Полковник, однако, морщился, оглядывая это новое жилище.
– Что случилось, полковник? – спросил рен. – Вам здесь не нравится?
– Мне все не нравится! – отозвался Скотт. – И прежде всего – амбиции герцога.
– А по-моему, все идет отлично. Они доставили через врата детали «Немезиды», которые захватили на старой базе, оставив охране муляжи. Теперь его люди собирают корпус в мастерских. Похоже, у него тут неплохой сборочный цех. Надо полагать, с помощью «Немы» он собирается уничтожить Валгаллу.
– Но как это можно сделать?
– Потом объясню! Тихо! – шикнул рен, видя, что дверь в их спальню открывает Женька. – При ней ни слова.
Девчонка заглянула перед обедом к старикам, чтобы разложить их вещи и навести порядок.
– Деда, как тебе здесь? Улетно, правда? – спрашивали Женька, встряхивая пуховую перину.
– Средневековье, – буркнул полковник.
– А как тебе герцог? Ты ему френдишь? – не унималась она. Мрачный вид полковника заставлял ее еще больше восторгаться. Глаза у нее так и горели.
– Вижу, что он тебе нравится, – заметил рен, однако без всякой иронии, с улыбкой.

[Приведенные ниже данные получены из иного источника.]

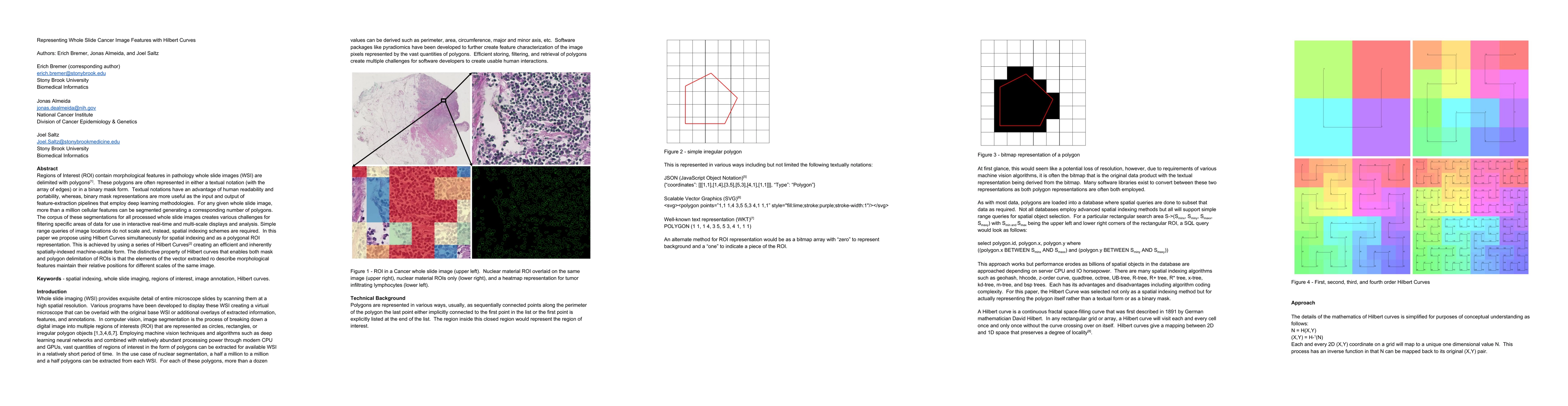 Regions of Interest (ROI) contain morphological features in pathology whole slide images (WSI) are delimited with polygons[1]. These polygons are often represented in either a textual notation (with the array of edges) or in a binary mask form. Textual notations have an advantage of human readability and portability, whereas, binary mask representations are more useful as the input and output of feature-extraction pipelines that employ deep learning methodologies. For any given whole slide image, more than a million cellular features can be segmented generating a corresponding number of polygons. The corpus of these segmentations for all processed whole slide images creates various challenges for filtering specific areas of data for use in interactive real-time and multi-scale displays and analysis. Simple range queries of image locations do not scale and, instead, spatial indexing schemes are required. In this paper we propose using Hilbert Curves simultaneously for spatial indexing and as a polygonal ROI representation. This is achieved by using a series of Hilbert Curves[2] creating an efficient and inherently spatially-indexed machine-usable form. The distinctive property of Hilbert curves that enables both mask and polygon delimitation of ROIs is that the elements of the vector extracted ro describe morphological features maintain their relative positions for different scales of the same image.

– А ты что, его не лавлишь? – запальчиво выкрикнула Женька.
– Он – опасный человек.
– Ну да, он – дикарь. К тому же женатый.
– Я не о том. – Рен помолчал. – Он боится мира на той стороне, потому что слишком много времени провел здесь. Думаю, Поль хотел бы вернуться к той, прежней жизни, в отличие от Бурлакова. Но с каждым годом страх перед покинутым миром в нем только рос. Он боялся, что не сможет приспособиться, что будет там никем, тогда как здесь он – царь и почти бог. Так что при всей его кажущейся силе внутри него сидит слабый и испуганный мальчишка.
– Ну и что? – с вызовом отвечала Женька. – От этого я лавлю его еще больше. Говорят, в Диком мире распространено многоженство. Почему бы мне не сделаться его второй женой?
ИНТЕРМЕДИЯ
ОТЦЫ-ОСНОВАТЕЛИ
Герцог два года не появлялся в крепости. Нет, он не ссорился с Бурлаковым, хотя им случалось поговорить всерьез и о многом. Не препирались, не упрекали. Просто не встречались. Но пришло письмо, вернее, записка – Раф прискакал на пони и доставил.
«Приезжай в замок. Я жду. Срочно. Герцог».
Значит, решение принято. Решение все изменить. Они часто говорили об этом лет пять или шесть назад: «Надо все менять! – повторял как заклинание Поль Ланьер. – Или мы погибнем».
Менять? Но Бурлаков ничего не хотел менять. Ему нравилась та жизнь, которую он вел. Крепость и люди, которые приходили каждый год осенью, а весной уходили, В этом было что-то от прежней его профессии, от учительствования. Встречать, брать под крыло, напутствовать, объяснять, что и как, а потом отпускать в Большой мир. А самому всегда оставаться в стенах школы-крепости с теми немногими, кто готов был с ним разделить нелегкий и скудный хлеб. Он собирался так продолжать, ничего не меняя, до самой смерти, обретая и провожая учеников, упиваясь каждой новой встречей, окрыляясь надеждой, пытаясь в каждом рассмотреть, на что тот способен и зачем прошел врата. И понимать, что никогда не доведется узнать – ошибался он или был прав, и что же вышло из каждого спасенного после ухода из крепости и возвращения в Вечный мир.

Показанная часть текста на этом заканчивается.